**Work required:** Pictures are not part of the copy. Set down exactly the lines from the one containing "FINANZIAMENTO A TASSO" through the last line of the material below.

Start of Data excerpt

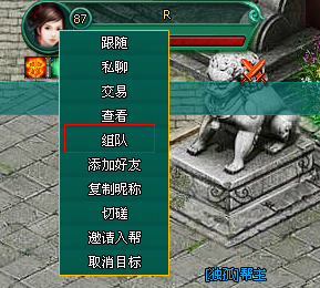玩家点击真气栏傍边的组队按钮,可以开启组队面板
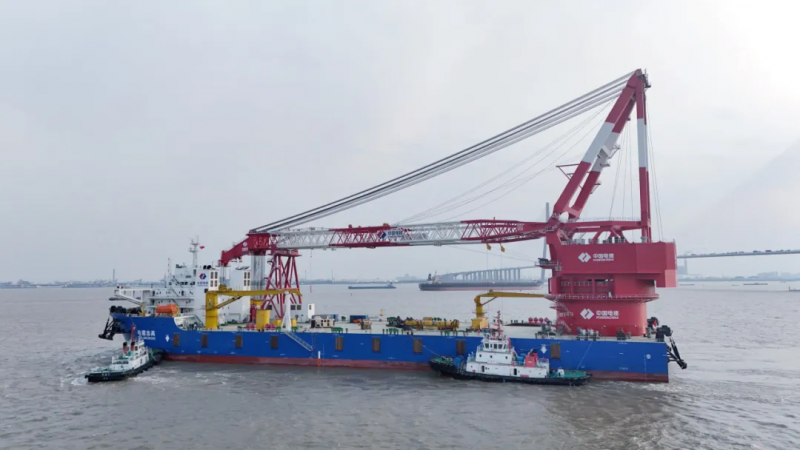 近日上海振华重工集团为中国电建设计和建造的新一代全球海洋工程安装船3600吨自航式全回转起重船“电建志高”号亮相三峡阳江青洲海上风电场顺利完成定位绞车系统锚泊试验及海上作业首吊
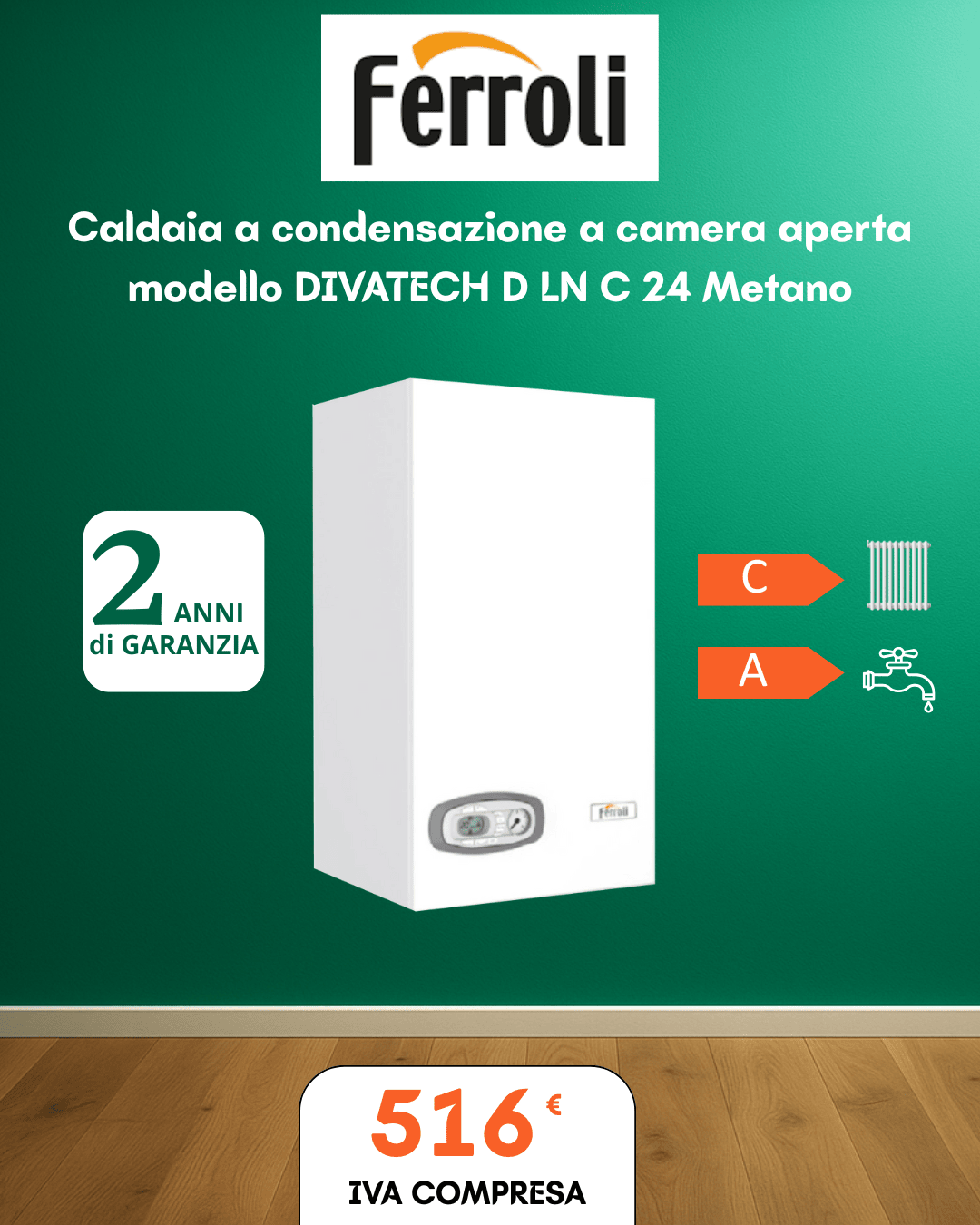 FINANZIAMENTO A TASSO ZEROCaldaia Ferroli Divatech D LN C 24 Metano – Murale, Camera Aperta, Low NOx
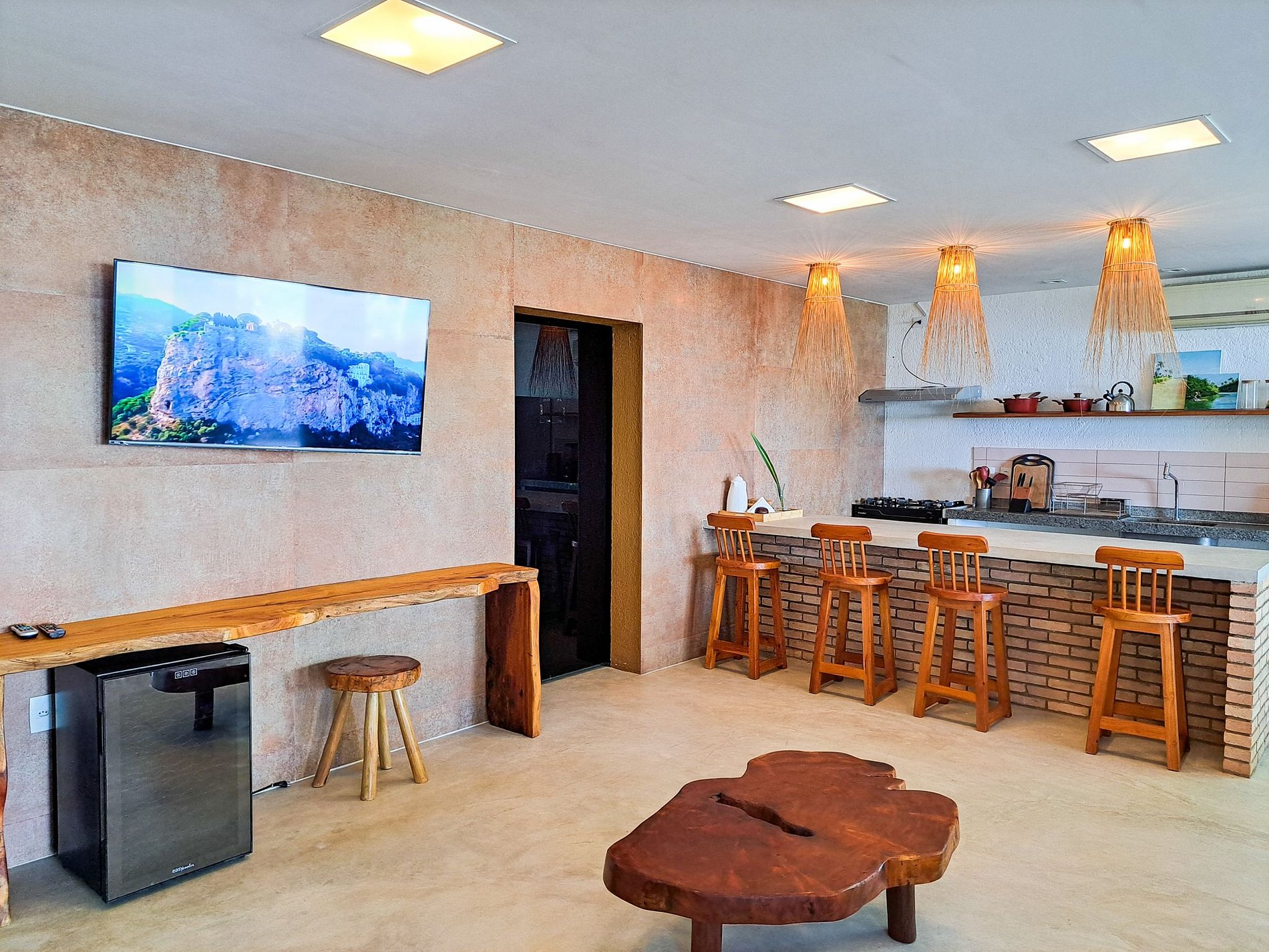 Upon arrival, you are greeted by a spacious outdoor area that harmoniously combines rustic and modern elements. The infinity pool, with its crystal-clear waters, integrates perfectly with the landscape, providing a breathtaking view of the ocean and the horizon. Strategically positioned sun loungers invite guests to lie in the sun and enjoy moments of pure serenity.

End of Data excerpt

**Finished exercise:**
 FINANZIAMENTO A TASSO ZEROCaldaia Ferroli Divatech D LN C 24 Metano – Murale, Camera Aperta, Low NOx
 Upon arrival, you are greeted by a spacious outdoor area that harmoniously combines rustic and modern elements. The infinity pool, with its crystal-clear waters, integrates perfectly with the landscape, providing a breathtaking view of the ocean and the horizon. Strategically positioned sun loungers invite guests to lie in the sun and enjoy moments of pure serenity.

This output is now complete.